* **REQUIRED ACTION**: Return, word for word, only the lines of the data below that lie between the line with "Antonio Sanz, ante" and the line with "Để truy cập", those two lines included.

* **STUDY MATERIAL**:
+++

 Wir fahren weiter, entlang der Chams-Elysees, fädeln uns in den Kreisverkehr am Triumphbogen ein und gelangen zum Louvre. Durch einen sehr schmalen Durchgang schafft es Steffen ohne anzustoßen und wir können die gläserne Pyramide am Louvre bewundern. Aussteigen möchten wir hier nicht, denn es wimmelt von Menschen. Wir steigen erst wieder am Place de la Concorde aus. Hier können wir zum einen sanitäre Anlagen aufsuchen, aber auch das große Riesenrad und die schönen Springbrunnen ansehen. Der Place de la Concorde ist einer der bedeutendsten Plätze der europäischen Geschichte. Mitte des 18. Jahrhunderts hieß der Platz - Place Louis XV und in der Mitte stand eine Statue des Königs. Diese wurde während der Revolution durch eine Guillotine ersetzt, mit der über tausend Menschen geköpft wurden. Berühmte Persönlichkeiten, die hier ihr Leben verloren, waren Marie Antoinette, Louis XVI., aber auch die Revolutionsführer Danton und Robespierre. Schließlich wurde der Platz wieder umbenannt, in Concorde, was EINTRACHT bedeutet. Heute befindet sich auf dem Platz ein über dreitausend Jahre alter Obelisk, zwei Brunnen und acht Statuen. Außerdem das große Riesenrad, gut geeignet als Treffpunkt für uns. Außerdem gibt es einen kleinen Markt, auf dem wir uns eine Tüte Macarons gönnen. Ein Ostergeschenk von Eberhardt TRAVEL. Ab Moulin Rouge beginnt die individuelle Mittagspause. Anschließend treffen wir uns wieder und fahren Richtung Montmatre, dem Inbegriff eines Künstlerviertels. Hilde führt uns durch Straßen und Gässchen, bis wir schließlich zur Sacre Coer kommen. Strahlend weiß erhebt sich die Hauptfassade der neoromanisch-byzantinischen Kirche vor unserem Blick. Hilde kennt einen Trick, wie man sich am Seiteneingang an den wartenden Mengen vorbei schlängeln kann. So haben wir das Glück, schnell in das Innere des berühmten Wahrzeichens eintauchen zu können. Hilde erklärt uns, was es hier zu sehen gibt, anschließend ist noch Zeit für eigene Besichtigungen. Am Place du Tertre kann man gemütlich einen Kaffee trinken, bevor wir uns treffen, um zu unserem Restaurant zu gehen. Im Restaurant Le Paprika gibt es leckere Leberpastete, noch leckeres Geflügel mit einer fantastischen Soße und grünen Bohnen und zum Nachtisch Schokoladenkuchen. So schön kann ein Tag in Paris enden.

+++

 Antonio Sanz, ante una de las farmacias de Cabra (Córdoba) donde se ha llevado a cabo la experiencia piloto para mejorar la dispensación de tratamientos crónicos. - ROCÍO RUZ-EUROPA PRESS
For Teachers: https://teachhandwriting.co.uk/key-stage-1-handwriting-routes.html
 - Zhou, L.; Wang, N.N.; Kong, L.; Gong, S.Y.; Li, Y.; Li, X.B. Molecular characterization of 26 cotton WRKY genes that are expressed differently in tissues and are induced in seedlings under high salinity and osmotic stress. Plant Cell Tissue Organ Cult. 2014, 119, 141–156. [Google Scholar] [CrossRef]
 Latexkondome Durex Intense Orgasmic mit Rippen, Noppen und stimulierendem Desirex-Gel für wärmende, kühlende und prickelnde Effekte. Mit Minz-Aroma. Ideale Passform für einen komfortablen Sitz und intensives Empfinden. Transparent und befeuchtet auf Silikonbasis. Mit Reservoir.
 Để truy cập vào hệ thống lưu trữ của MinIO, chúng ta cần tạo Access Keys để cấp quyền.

+++

* **SOLUTION BELOW**:
 Antonio Sanz, ante una de las farmacias de Cabra (Córdoba) donde se ha llevado a cabo la experiencia piloto para mejorar la dispensación de tratamientos crónicos. - ROCÍO RUZ-EUROPA PRESS
For Teachers: https://teachhandwriting.co.uk/key-stage-1-handwriting-routes.html
 - Zhou, L.; Wang, N.N.; Kong, L.; Gong, S.Y.; Li, Y.; Li, X.B. Molecular characterization of 26 cotton WRKY genes that are expressed differently in tissues and are induced in seedlings under high salinity and osmotic stress. Plant Cell Tissue Organ Cult. 2014, 119, 141–156. [Google Scholar] [CrossRef]
 Latexkondome Durex Intense Orgasmic mit Rippen, Noppen und stimulierendem Desirex-Gel für wärmende, kühlende und prickelnde Effekte. Mit Minz-Aroma. Ideale Passform für einen komfortablen Sitz und intensives Empfinden. Transparent und befeuchtet auf Silikonbasis. Mit Reservoir.
 Để truy cập vào hệ thống lưu trữ của MinIO, chúng ta cần tạo Access Keys để cấp quyền.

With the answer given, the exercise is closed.